Liudmila Petruchévskaia é uma das autoras contemporâneas das mais intrigantes, não apenas por sua prosa afiada, mas também por sua persona. Assistam ao vídeo dela cantando "Only You" na FLIP 2018 e me digam se ela é ou não é um espetáculo =)
Os contos reunidos neste "Era uma vez uma mulher que tentou matar o bebê da vizinha" nos dão um vislumbre do seu estilo literário intrincado. Fábulas místicas, de terror, histórias nas quais a linha que separa o real do inaudito é bem tênue.
Narradores não-confiáveis, espaços claustrofóbicos, distópicos, conflitos familiares, o bizarro do cotidiano, guerra e fome à espreita, mas, sobretudo, narrativas de esperanças possíveis, de uma religiosidade não-institucionalizada, calcada na tradição do povo russo, ecos gogolianos.

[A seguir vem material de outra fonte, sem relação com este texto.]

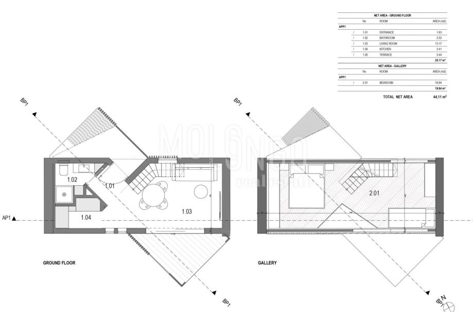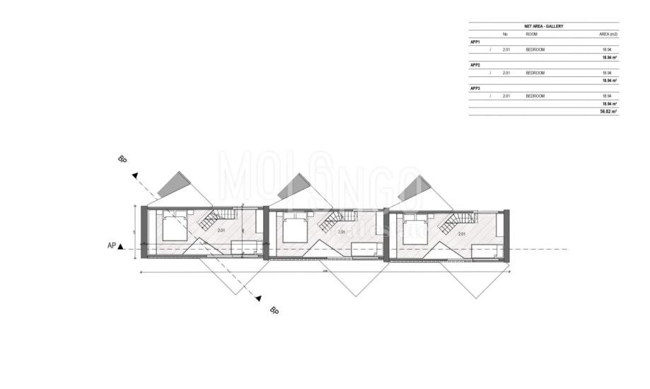 Ukupna površina ovog zemljišta iznosi 505 m2, s površinom svakog apartmana od približno 45 m2. Svaki apartman ima prizemlje s kuhinjom, dnevnim boravkom i kupaonicom, dok se spavaći dio nalazi na galeriji. Svi potrebni priključci su već dostupni, uključujući vodu, struju i septičku jamu.

Para Petruchévskaia, o não-dito ressoa mais do que o exposto. Assim, seus contos demandam uma leitura mais vagarosa a fim de superar o estranhamento inicial e acessar camadas recônditas, como neste trecho de 'Tem alguém na casa', que trata de uma conturbada relação mãe e filha:
"O piano também tem uma história. A menininha havia aprendido a tocar nele. A mãe insistia. Obrigava a menina, fazia com que sentasse ali. Não deu em nada. A teimosia venceu. A teimosia com a qual uma pessoa se defende da vontade alheia. Protege sua vida. Mesmo que essa vida acabe sendo pior do que a que alguém planejou, mais pobre, mas é sua, não importa qual, mesmo sem música, sem talentos. Sem audições familiares para parentes. No entanto, também, sem o sofrimento desnecessário porque alguém é melhor. Mamãe sofria muito que outras crianças fossem mais talentosas que a filha dela. Essa filha muitas vezes se vingava da mãe tornando-se totalmente imprestável do ponto de vista das duas." p. 119.